Question

The formulae, for resistivity (p) and Young’s modules (Y) are, respectively,

\(p=\frac{\pi r^2R}{l}\) and Y = \(\frac{FL}{\pi^2l}\)

The relative errors, in p and Y, would then be, given, by the respective expressions.

(1) \((\frac{Δp}{p}=\frac{2Δr}{r}+\frac{ΔR}{R}+\frac{Δl}{l})\) and \((\frac{ΔY}{Y}=\frac{dF}{F}+\frac{ΔL}{L}+\frac{2Δr}{r}+\frac{Δl}{l})\)
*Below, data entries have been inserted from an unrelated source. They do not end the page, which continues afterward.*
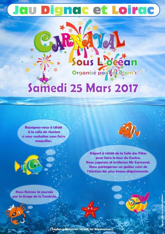 L’association « Les Clam’s » organise son Carnaval « sous l’océan » à Jau Dignac et Loirac.
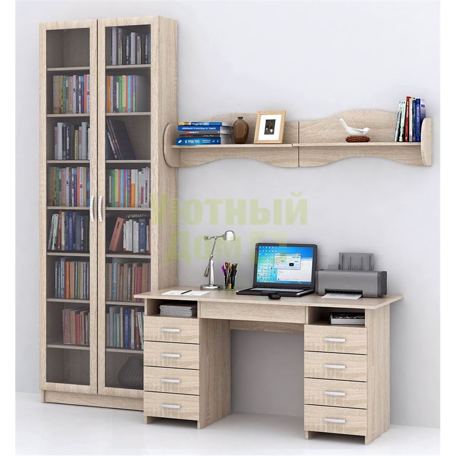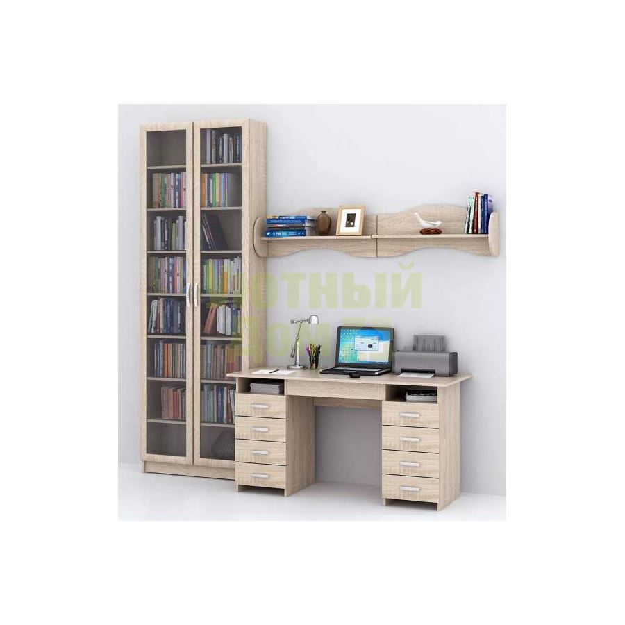 Каждый элемент возможно приобрести по отдельности. Состав комплекта: стол Милан-10Я (1 шт.), полка Тэя-1 (2 шт.), стеллаж Милан-46 (1 шт.).
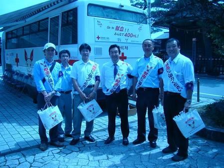 説明 小林会長、有巣副会長、川崎会計、井上健康管理委員長、平委員長、美濃PR委員長で街頭キャンペーン。
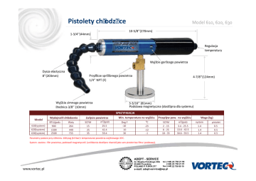 Pistolety chłodzące Model 610, 620, 630 10-5/8’’(270mm) 1-3/4’’(44mm) Regulacja temperatury Wyjście gorącego powietrza Dysza elastyczna 8’’(203mm) Przyłącze sprężonego powietrza 1/4’’ NPT (F) Wyjście zimnego powietrza średnica 3/8’’ (10mm) 4-7/8’’(124mm) 3-3/16’’ (81mm) Podstawa magnetyczna (dostępna dla systemu) SPECYFIKACJA Model 610(system) 620(system) 630(system) Wydajność chłodzenia BTU/godz. 900 1500 2500 Waty 264 440 733 Zużycie powietrza SCFM 15 25 35 3 m /godz 25.5 42.4 59.4 Min. temperatura na wyjściu Deg F -10 10 30 o C -23 -12 -1 Parametry podane przy ciśnieniu 100 psig (6.9 bar) i temperaturze powietrza wejściowego 20oC. System zawiera : filtr powietrza, podstawę magnetyczną. (urządzenia dostępne również jako sam pistolet bez filtra i podstawy). www.vortec.pl Przepływ pow. na wyjściu SCFM 2 - 15 8 - 25 18 - 35 3 m /godz 3.4 - 25.5 13.6 - 42.5 30.6 - 59.5 Waga (kg) system 1.4 1.4 1.4 pistolet 0.5 0.5 0.5
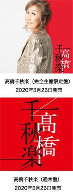 「高橋千秋楽」トレイラー映像公開のお知らせ8月26日にリリースするのオールタイム・ベストアルバム「高橋千秋楽」のDISC-1(1973-1980)に収録されている楽曲をダイジェストで紹介した トレイラー(予告)映像第1弾が公開されました。 https://youtu.be/ko_JU3G6JZw 1973年のレコードデビューから1980年までに発表した作品の中から セレクトされた19曲で構成されるDISC-1では、今作のために新録された ペドロ&カプリシャス時代の名曲「わが町は・・・」「メリーゴーラウンド」 「恋人たちの時間」、40年ぶりに音源化されることになった「夢ゆらり」 「誕生日(バースディ)」なども視聴できます。 DISC-2(1981-1990)に収録されている楽曲をダイジェストで紹介した トレイラー(予告)映像第2弾が公開されました。 https://youtu.be/oKjumI3OlgI 「for you...」「桃色吐息」「グランパ」など、80年代の楽曲が収録されたDISC-2。 DISC-3(1991-2000)に収録されている楽曲をダイジェストで紹介した トレイラー(予告)映像第3弾が公開されました。 https://youtu.be/Q-oKcPMQ2mg 「はがゆい唇」「遥かな人へ」「ごめんね・・・」など、90年代の楽曲が収録されたDISC-3。 DISC-4(2001-2020)に収録されている楽曲をダイジェストで紹介した トレイラー(予告)映像第4弾が公開されました。 https://youtu.be/dE12nV_q9OQ 「say my name」「淡き恋人」などのヒット曲から、今ある想いをリアルに綴った書き下ろし新曲 「やさしい夢」「愛する人へのメッセージ」まで、近年20年の集大成となる全16曲が収録されたDISC-4。 |
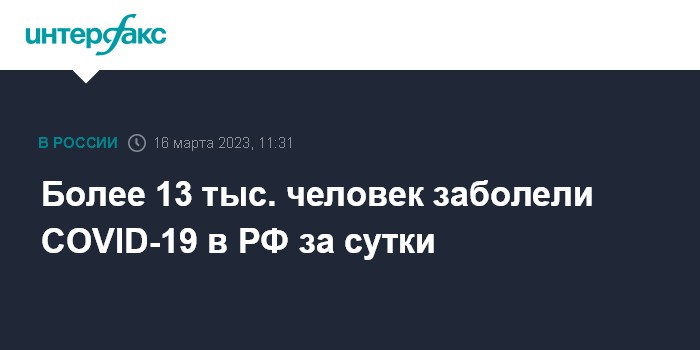 Москва. 16 марта. INTERFAX.RU - Суточный прирост новых заболевших коронавирусной инфекцией в РФ превысил 13 тыс. случаев, скончались 38 пациентов с COVID-19, следует из данных оперативного штаба, обнародованных в четверг.
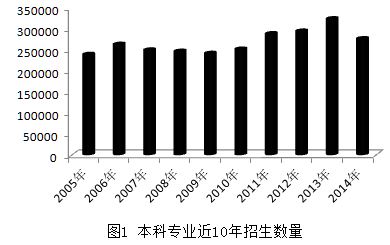 從2005年春季招生統計開始,截止目前,近10年所有本科20次招生數據分析結果得出:本科年均招生26.7萬人,2013年招生人數最多,達32.4萬人,最多招生年份為2013年,最少招生年份為2005年,最多招生年份比最少招生年份高35.5%(圖1);春秋兩季招生人數對比,除2006年和2008年,其余年份,秋季招生多于春季招生人數,秋季比春季平均高12.9%。
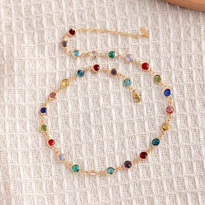 สร้อยคอคริสตัลทำด้วยมือหลากสีเครื่องประดับอัญมณีสีสันสดใสของขวัญสร้อยคอที่ไม่ซ้ำใครสำหรับผู้หญิง

(2) \((\frac{Δp}{p}=\frac{2Δr}{r}+\frac{ΔR}{R}-\frac{Δl}{l})\) and \((\frac{ΔY}{Y}=\frac{dF}{F}+\frac{ΔL}{L}+\frac{2Δr}{r}+\frac{Δl}{l})\)

(3) \((\frac{Δp}{p}=\frac{2Δr}{r^2}+\frac{ΔR}{R}-\frac{Δl}{l})\) and \((\frac{ΔY}{Y}=\frac{ΔF}{F}+\frac{ΔL}{L}+\frac{2Δr}{r^2}+\frac{Δl}{l})\)

(4) \((\frac{Δp}{p}=\frac{2Δr}{r^2}+\frac{ΔR}{R}+\frac{Δl}{l})\) and \((\frac{ΔY}{Y}=\frac{ΔF}{F}+\frac{ΔL}{L}-\frac{2Δr}{r^2}+\frac{Δl}{l})\)

Answer 1

(1) \((\frac{Δp}{p}=\frac{2Δr}{r}+\frac{ΔR}{R}+\frac{Δl}{l})\) and \((\frac{ΔY}{Y}=\frac{dF}{F}+\frac{ΔL}{L}+\frac{2Δr}{r}+\frac{Δl}{l})\)

The relative errors, in all the products as well as the quotients, have to be all added to get the relative error in the given quantity.

Note the relative error in r² is 2(Δr/r) and NOT 2(Δr/r²). Hence, the two expressions, given only in option (1), correspond to these rules.